Years and years ago, everyone always walked up a mountain of snow and ice barefoot while dragging a carriage behind them to get to school, and their stethoscopes were made of bamboo. They were hard, hard times, and it was a time-honored tradition to hear the talk from our attendings about how hard training used to be and always elicited an internal groan. The follow up refrain frequently heard in medical institutions’ hallways was about the spoiled younger generation who had it so “easy.”
It used to be I was one of the young ones. Now, I find myself working in undergraduate medical education, listening to the complaints of the unfairness and rigidity and thinking … when I was your age. Now, I’m overworked, underpaid, under-appreciated, with so many hopes and dreams and goals that I can’t meet because there aren’t enough hours in the day. The result is that it’s difficult to empathize with these shiny new students who feel entitled to achievement and honors and AOA and dean’s lists and exceptions to the rules because that’s what they’ve always had when what they’re getting is a crushing sense of average. Excelling in a group of “cream of the crop” just isn’t as attainable as it was in high school and college.

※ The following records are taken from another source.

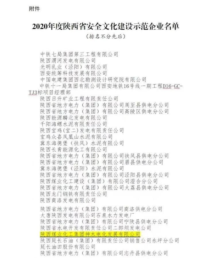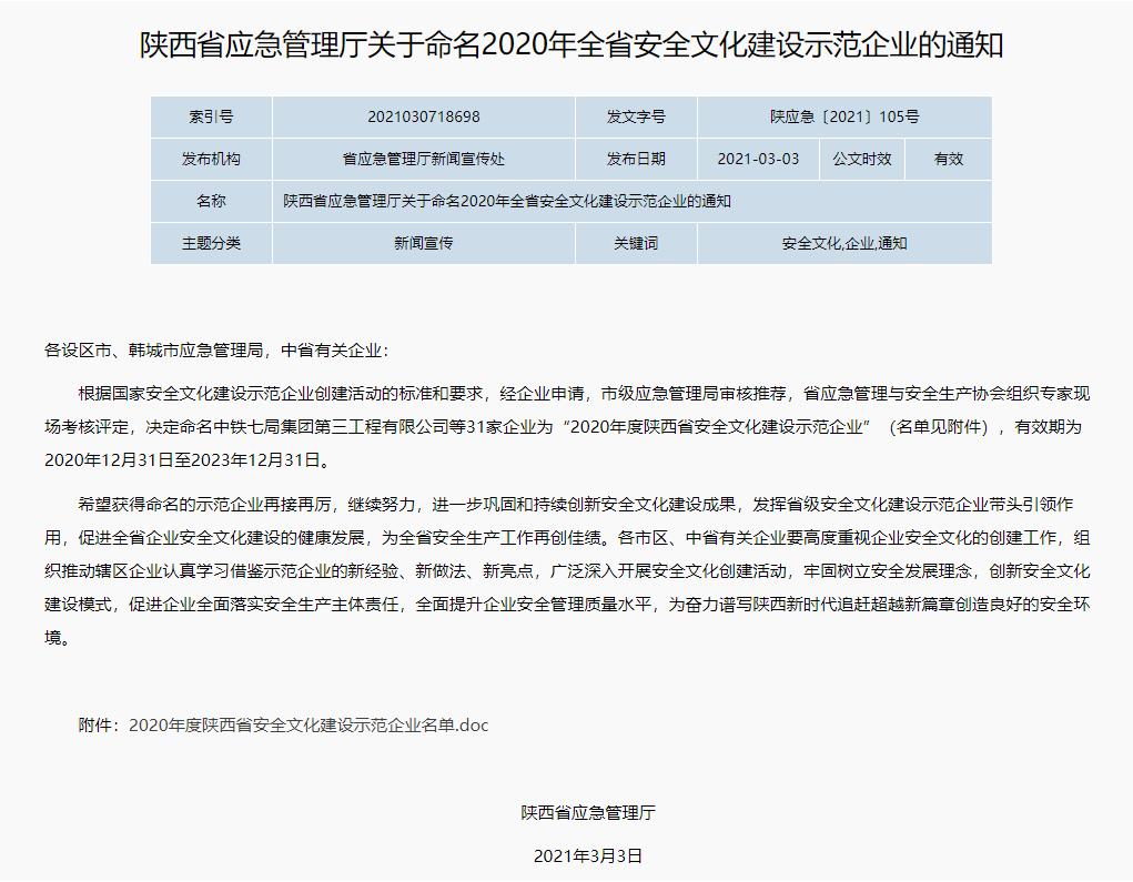 近日,從陜西省應急管理廳發布的《關于命名2020年全省安全文化建設示范企業的通知》陜應急〔2021〕105號文件中獲悉,電化公司順利通過省應急管理廳與安全生產協會專家現場考評,被評定為“2020年度陜西省安全文化建設示范企業”,有效期為2020年12月31日至2023年12月31日。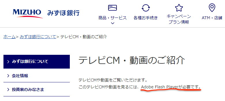 その上現在は「Adobe Flash Player」をサイト上で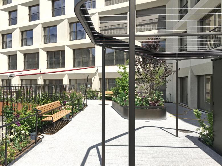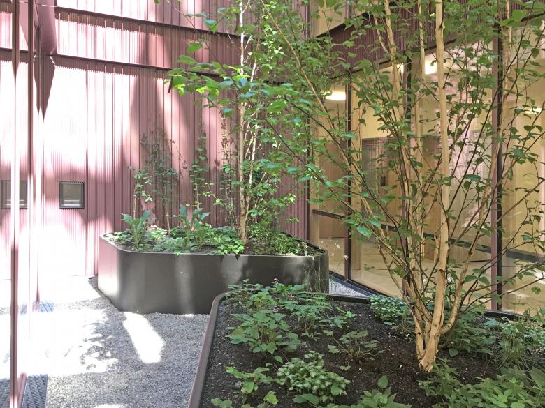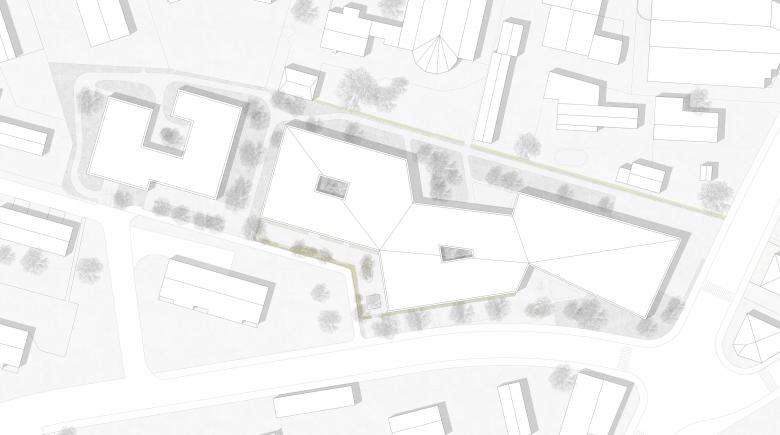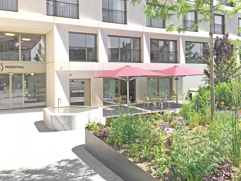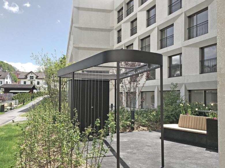 Das Projekt `Bonbon` für das neue Alters- und Pflegezentrum in Wald ging als Siegerprojekt aus einem Wettbewerb hervor. Das neue Alterszentrum Drei Tannen ist volumetrisch in drei Teile gegliedert. Die gestaffelte Gebäudeform reagiert in differenzierter Weise auf die variierenden Massstäbe und ortsbaulichen Ausrichtungen der Umgebung und erzeugt eine Vielzahl an unterschiedlichen Aussenräumen. An der Ecke Laupen- und Rosenthalstrasse wird in Bezug zum Felsenauareal eine prägnante Eingangssituation geschaffen, gegen Norden unterstreicht der Gebäudeeinschnitt die Nähe zur Kirche, und der Dementengarten liegt südwestlich in einer Nische. Im Dialog zur Topografie des Grundstücks schafft die zur Gebäudemitte hin sanft ansteigende Dachform einen subtilen Bezug zur umliegenden Hügellandschaft. Die Haupterschliessung des Alterszentrums erfolgt auf der Südseite von der Rosenthalstrasse her. Ein grosser platzartiger Bereich markiert die Eingangssituation. Die grosszügige Pflanzeninsel mit Sitzbank und ein langgezogenes Wasserbecken sind die prägenden Ausstattungselemente. Der Bistro-Aussensitzplatz sorgt für zusätzliche Belebung und die grossen Fensterflächen lassen vom Gebäudeinnern das Geschehen auf dem Platz mitverfolgen. Ein weiterer Aussenbereich, welcher vom Speisesaal her zugänglich ist, lädt auch an heissen Sommertagen zum Verweilen im Freien ein und gibt einen hübschen Blick frei zur gegenüberliegenden Kirche. Die im Erdgeschoss liegende Aktivierung erhält ebenfalls einen direkten Zugang zum Aussenraum. Einzelne Therapieangebote können so problemlos im Freien durchgeführt werden. Zwei Lichthöfe mit blühenden immergrünen Gehölzen und Staudenflächen werten den Innenbereich zusätzlich auf. Das durchgehende Fusswegnetz ermöglicht den Bewohnern eine schnelle Anbindung an das Dorfzentrum Wald. Das Parkplatzangebot in der neuen Tiefgarage und die Aussenparkplätze sind für Personal und Besucher von der Rosenthalstrasse her zugänglich. Einheimische Heckenkörper und Solitärbäume trennen die Aussenparkplätze vom Gebäude. Der Sinnesgarten für Demenzkranke erstreckt sich entlang der Südfassade des Alterszentrums und ist vom geschützten Wohnbereich ebenerdig zugänglich. Von aussen kaum einsehbar bildet er einen wind- und sonnengeschützten Aufenthalts- und Therapiebereich für die demenzkranken Bewohner. Duft- und Kräuterpflanzen, Hochbeete, ein barrierefreies Wegesystem, Handläufe, eine lauschige, schattenspendende Pergola, ein plätschernder Brunnen, einheimische Blütengehölze und Staudenpflanzungen ergeben eine sinnliche und wohlige Atmosphäre.
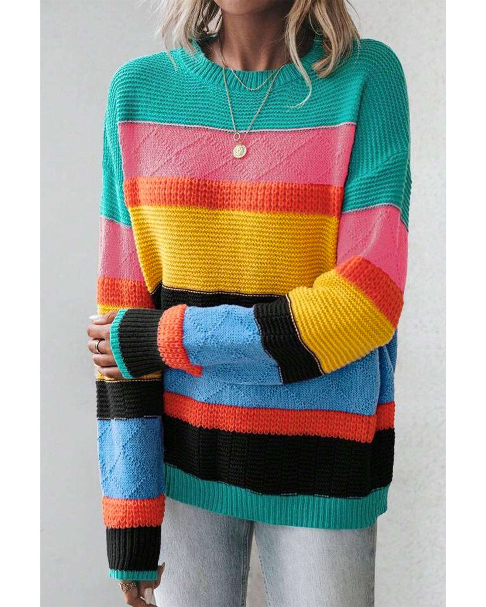 Yellow Colorblock Mixed Textured Drop Shoulder Sweater – XL

The first patient I had as a medical student was an 18-year-old male who’d been shot in the forehead by his mother. He rolled into the emergency room with half a skull, half a brain, and no pulse. I was tasked with assisting in cutting off his clothing and clutched the trauma shears as we heard the overhead disembodied voice announcing his arrival. The books and Step questions and Anki flashcards and Pestana paragraphs and emotional healing seminars couldn’t have ever prepared me for the moment he rolled in. The frenzied, yet controlled, activity began. I stood by the bed staring, unbelieving, frozen, failing then weeks later, I continued to wake up night after night shaking after watching the scene replay on a loop through my dreams. What was I doing in medical school? How could I have taken out loans and lost so many days and weeks and months in this endeavor when there was no way I could succeed as a doctor? No one at the medical school noticed that I was no longer sleeping and having trouble eating. This likely wasn’t something I would have ever felt comfortable sharing, even if someone had asked. The shifts and didactics and quizzes continued, and eventually, the memory faded, replaced by new trauma, eventually building up to a healthy callus. Others lost their way and took their lives that year.

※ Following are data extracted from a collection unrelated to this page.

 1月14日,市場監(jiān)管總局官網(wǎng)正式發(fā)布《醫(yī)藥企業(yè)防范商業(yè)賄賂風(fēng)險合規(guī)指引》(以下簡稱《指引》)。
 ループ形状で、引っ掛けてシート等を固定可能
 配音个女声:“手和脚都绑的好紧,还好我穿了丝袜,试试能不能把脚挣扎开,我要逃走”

Now, I see students go through the system block after block and year after year. My first thought has been, here we go for more complaining. Why do we have to listen to how difficult and unfair things are? How quickly I’ve forgotten that I once stood in their shoes. If I take a moment to ask, how are you really doing, what would they say? What have they seen that haunts their thoughts? Have they come to the realization yet that life will never be the same, that now that they know just how finite, delicate, tenuous, insubstantial our hold on this life really is, life will never truly be the same?

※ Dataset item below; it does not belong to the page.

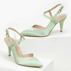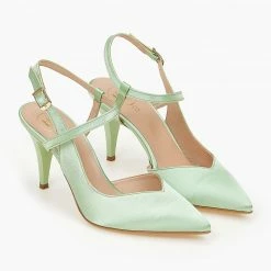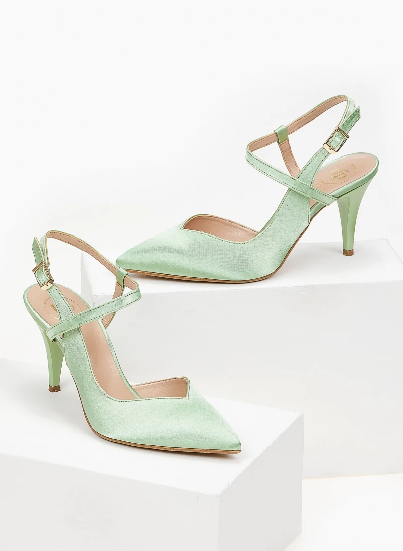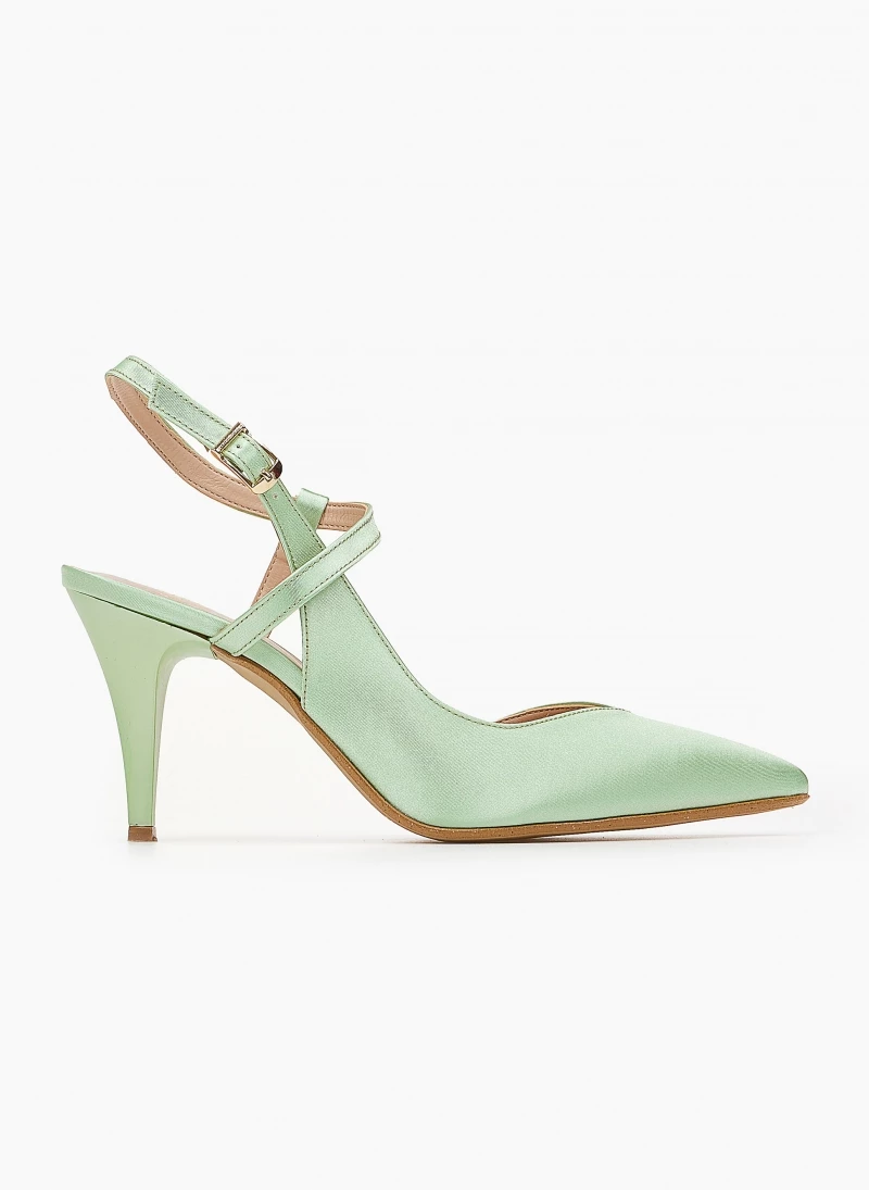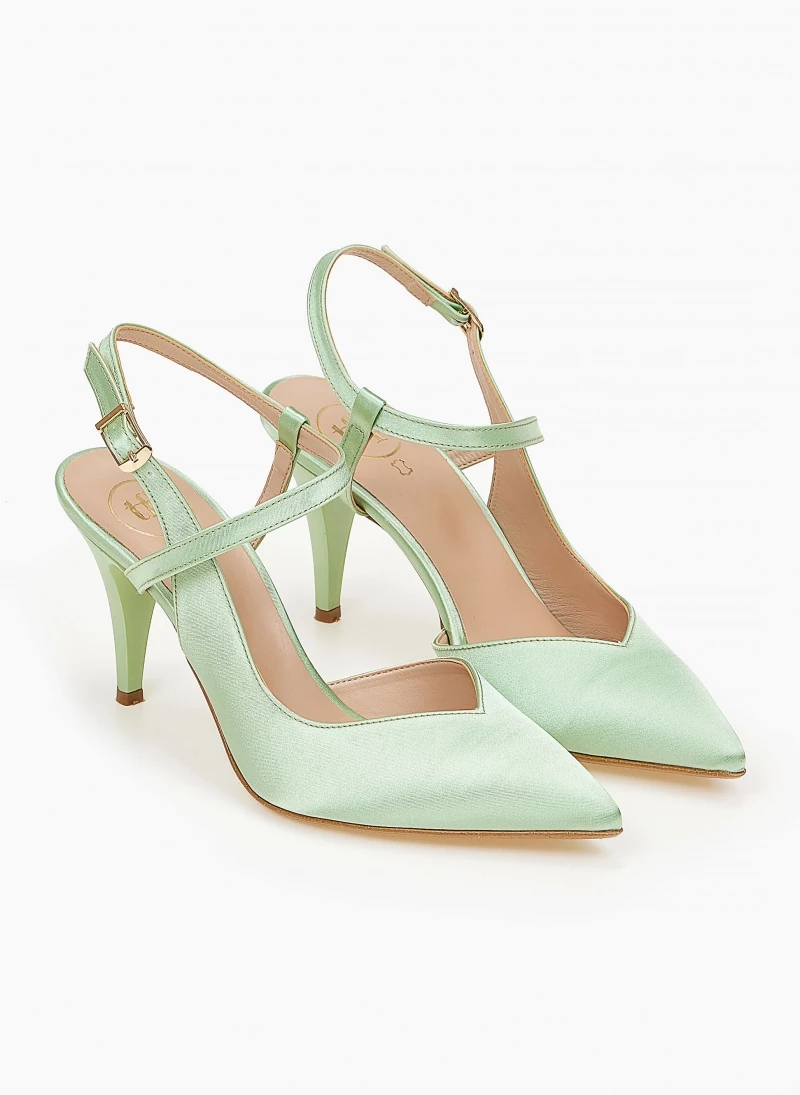 Tfp γόβες ανοιχτές σατέν με λεπτό τακούνι. Έχουν χιαστί λουράκι στο πλάι. Δερμάτινος πάτος. Ελληνικής κατασκευής.

Step 2 CS is out; we’re headed towards pass/fail grades and hear and learn much more about wellness than ever before. Sure, medical school is changing every day, but this does not mean the process of becoming a doctor is any less deserving of our empathy and compassion as attendings and educators. The challenges faced by this generation are different from those we lived through but, rest assured, they exist. We don’t need to compare – rather, let’s nurture this next generation of physicians, and together, we may achieve what has never been seen before.
\The author is an anonymous physician.